By Tom Holmes
I called three nuns living in this area and asked them for an interview regarding the recent news that the Vatican is investigating the Leadership Conference of Women Religious, an organization of Catholic sisters in which some of the nuns have challenged church teaching on issues like the ordination of women and homosexuality.
All three replied that they would not comment on the record. One explained that she would get "in trouble" if she said what the really thought about the matter. Silence seems to be the almost universal response—for now—of Catholic sisters in the U.S.
Many in this country, both Catholics and non-Catholics, perceive this silence and the investigation itself as an example of over regulation. Sound familiar?
In the church, in government and in sports, there will always be a tension between let the athletes play and the need for referees to maintain control of the game. Or, to put it another way, without regulation the game tends to unravel, and with too much regulation athletes are prevented from playing their game.
The Catholic leaders in Rome, in my view, are calling the game much too closely, squelching the creative Spirit at work in the American church.

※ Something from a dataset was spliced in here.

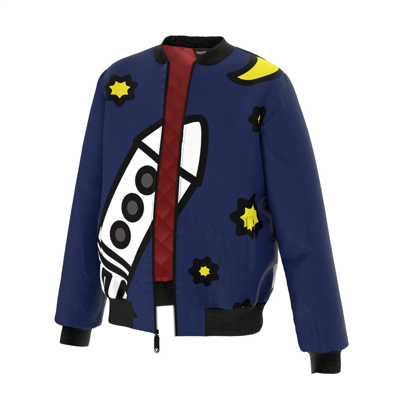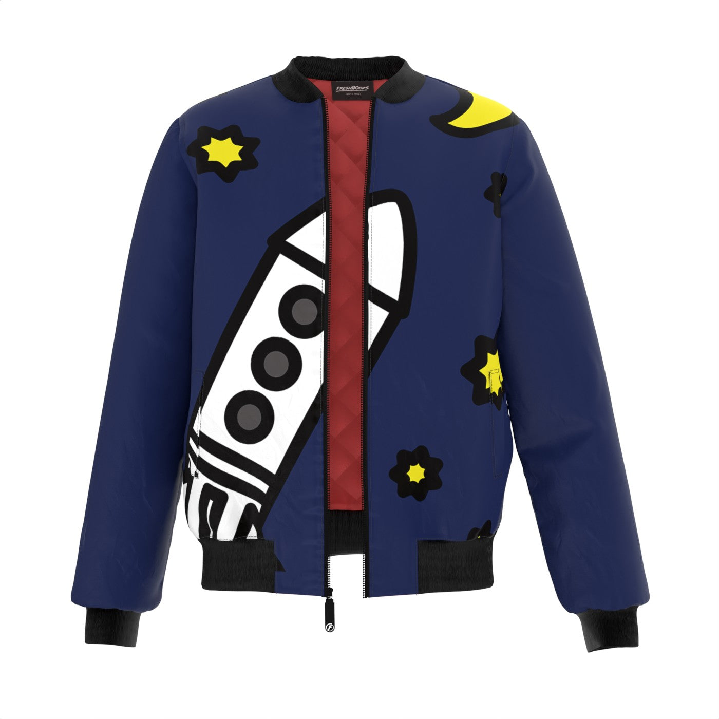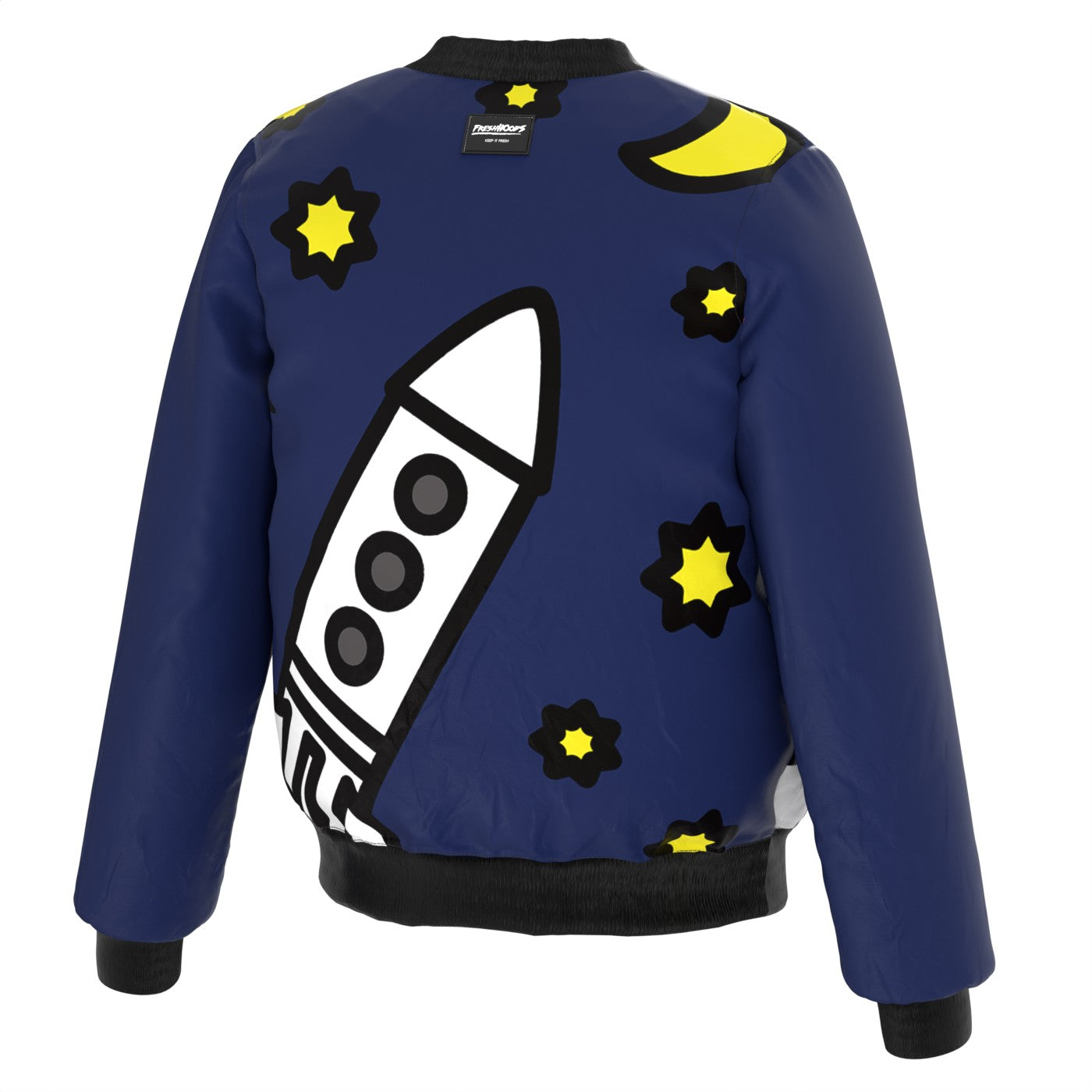 The Lancio Bomber Jacket designed by the talented Pitpop, features a playful space-themed design. With a vibrant rocket soaring among stars on a navy blue background, and a bright yellow hood lining, this jacket is sure to ignite your imagination and sense of adventure.

That's a concern. Another concern is that some may want to over react by advocating that the game would be better if there were no referees at all. As an observer of religion for a long time, Protestants have shown that when there are no authorities defining limits, the game fragments into literally hundreds of smaller games which wind up eventually needing to elevate somebody as the authority they look to in order to keep their little game from completely disintegrating.
Finding the right balance between authority and autonomy is a tricky challenge indeed.